▸ **DATASET EXTRACT**:
= Beginning of Section =
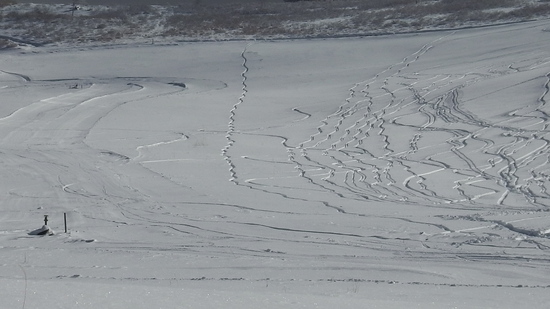 必要最低限しか圧雪してなくて(しかもひどい品質で)残りは一面の未圧雪ゾーンとなっていました。しかし上部はハイシーズンには一大パークとなるので、この時期限定かも知れません。
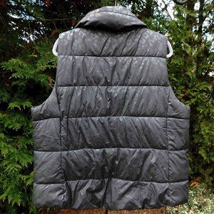Old Navy gray with shimmery tonal animal-print weather-resistant fleece-lined insulated puffer vest with zip & snap closure and onseam pockets
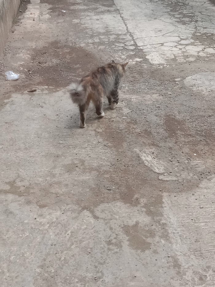 A domestic cat is depicted walking on a concrete and dirt path in Ciherang, Indonesia. The cat, viewed from the rear, possesses a multi-toned coat with shades of brown, black, and lighter fur, consistent with a tortoiseshell or calico pattern, and has long, somewhat matted hair. Its tail is fluffy and held upwards. White markings are present on its hind paws. The animal is moving towards the upper right of the frame, with its head slightly turned to the right. The ground surface consists of cracked, uneven grey concrete intermixed with areas of loose earth and gravel, displaying several damp or discolored patches. In the upper left portion of the image, near a light-colored vertical wall or edge, a crumpled white plastic bag and a small, dark, cylindrical object are present on the ground.
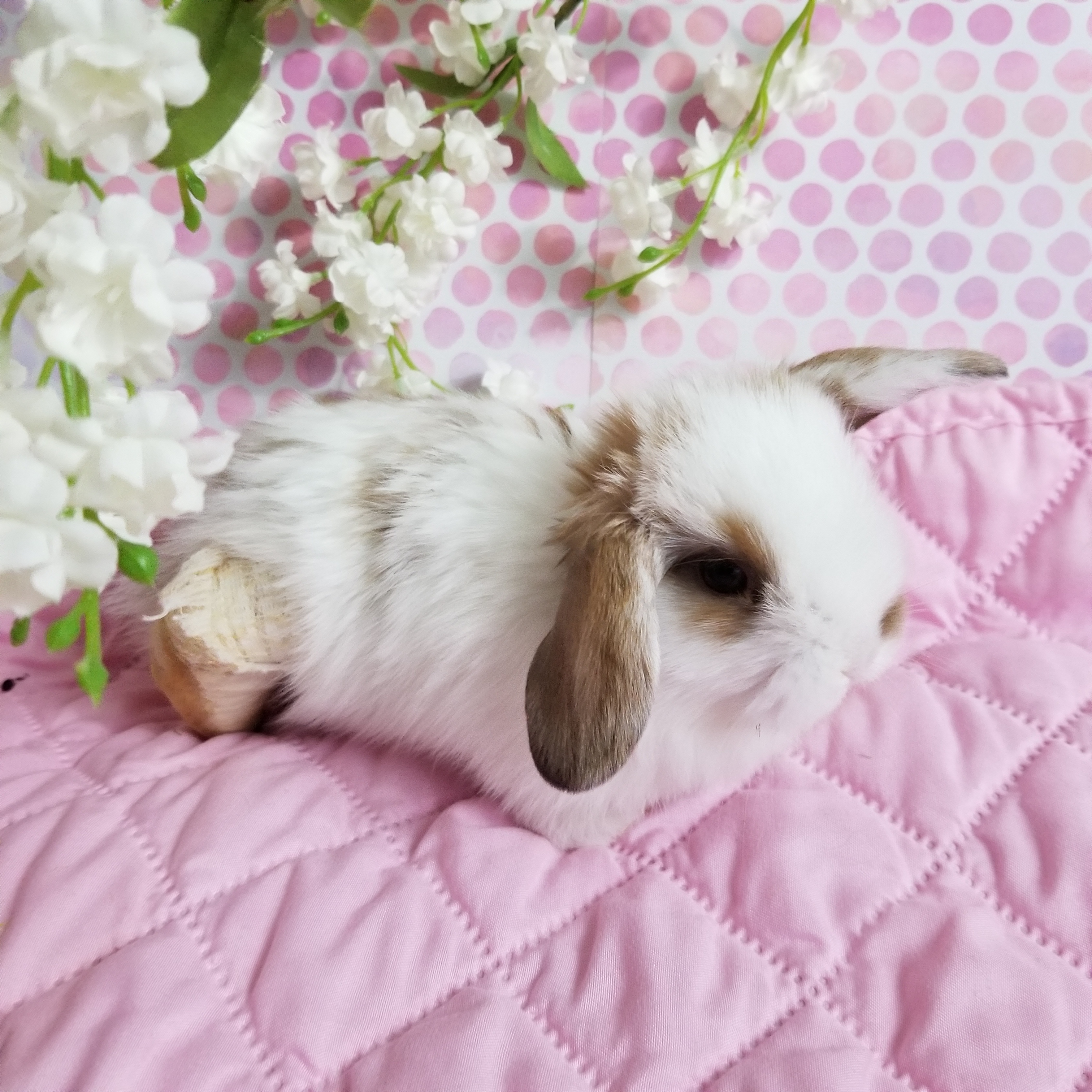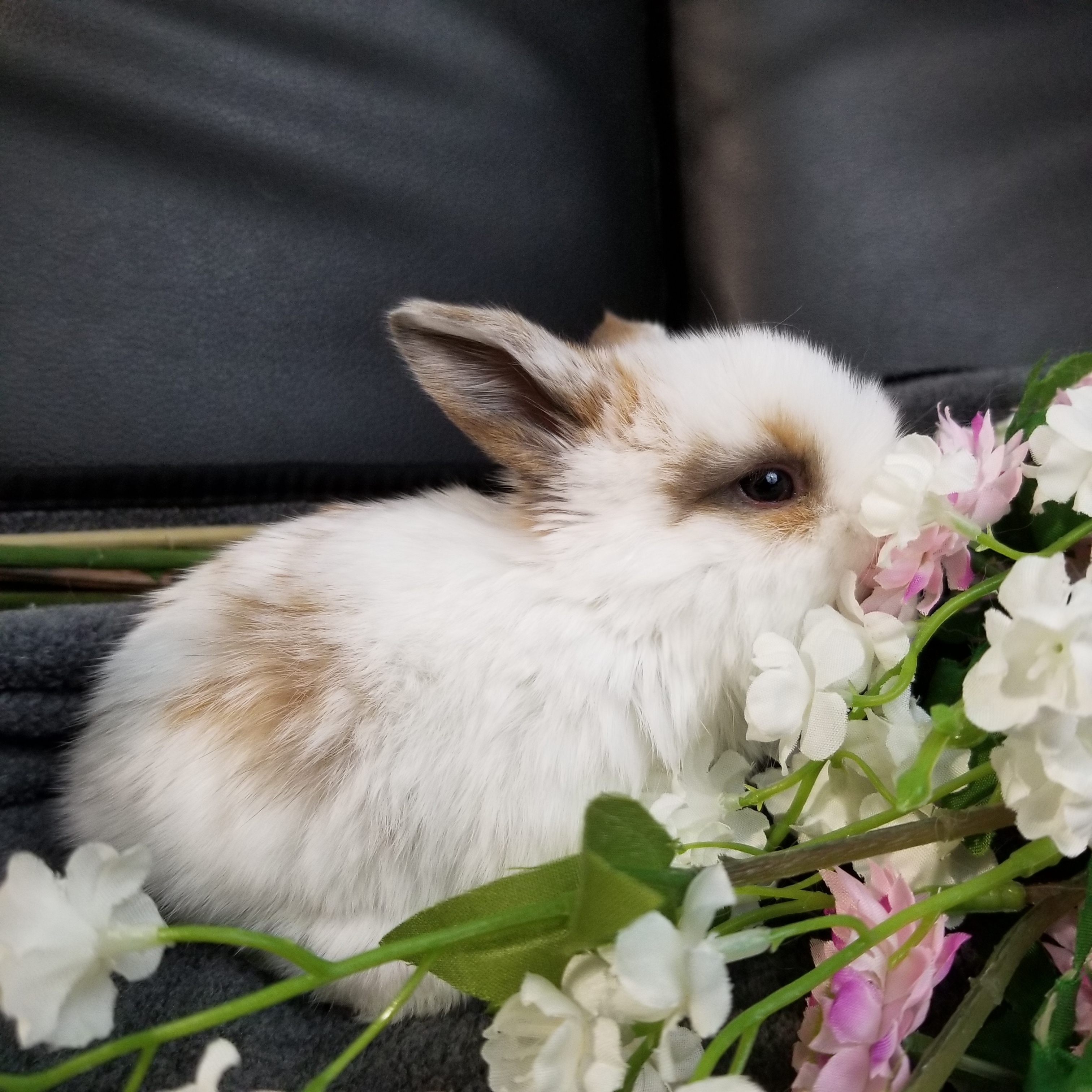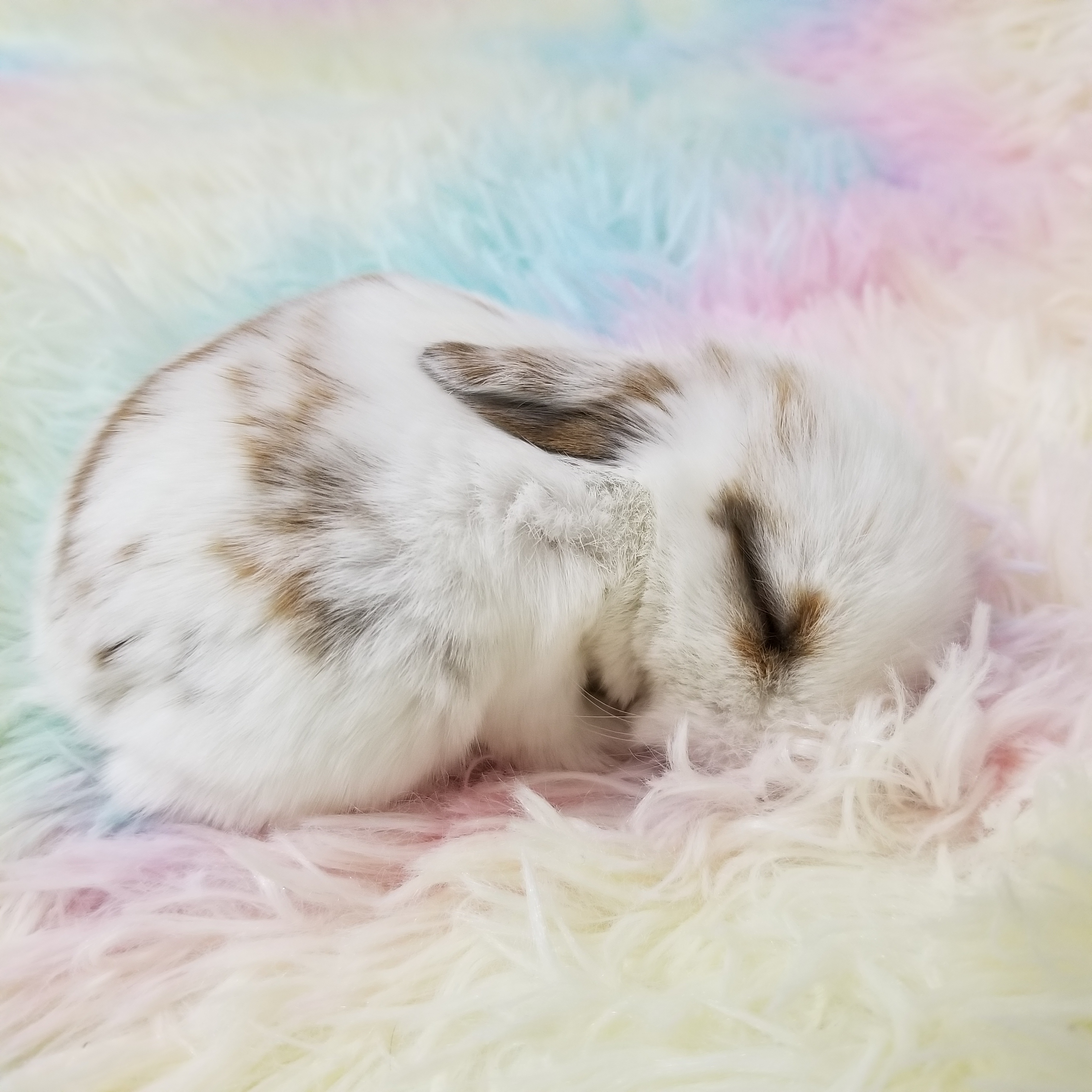 8-28-21: Cosmos is currently under observation, he had a small ankle sprain a few days ago and we hope he recovers swiftly. Right now he is the official pillow for the other buns! We can see he wants to run and play like the other buns but he kept getting his little ankle inflamed so we had to splint him! The splint doesn’t seem to slow his zoomies down what so over.
= End of Section =
▸ **EXERCISE DETAILS**: Everything from the line with "Old Navy gray" through the last line above should be reproduced exactly, both ends included; pictures must be omitted.

▸ **WRITTEN SOLUTION**:
Old Navy gray with shimmery tonal animal-print weather-resistant fleece-lined insulated puffer vest with zip & snap closure and onseam pockets
 A domestic cat is depicted walking on a concrete and dirt path in Ciherang, Indonesia. The cat, viewed from the rear, possesses a multi-toned coat with shades of brown, black, and lighter fur, consistent with a tortoiseshell or calico pattern, and has long, somewhat matted hair. Its tail is fluffy and held upwards. White markings are present on its hind paws. The animal is moving towards the upper right of the frame, with its head slightly turned to the right. The ground surface consists of cracked, uneven grey concrete intermixed with areas of loose earth and gravel, displaying several damp or discolored patches. In the upper left portion of the image, near a light-colored vertical wall or edge, a crumpled white plastic bag and a small, dark, cylindrical object are present on the ground.
 8-28-21: Cosmos is currently under observation, he had a small ankle sprain a few days ago and we hope he recovers swiftly. Right now he is the official pillow for the other buns! We can see he wants to run and play like the other buns but he kept getting his little ankle inflamed so we had to splint him! The splint doesn’t seem to slow his zoomies down what so over.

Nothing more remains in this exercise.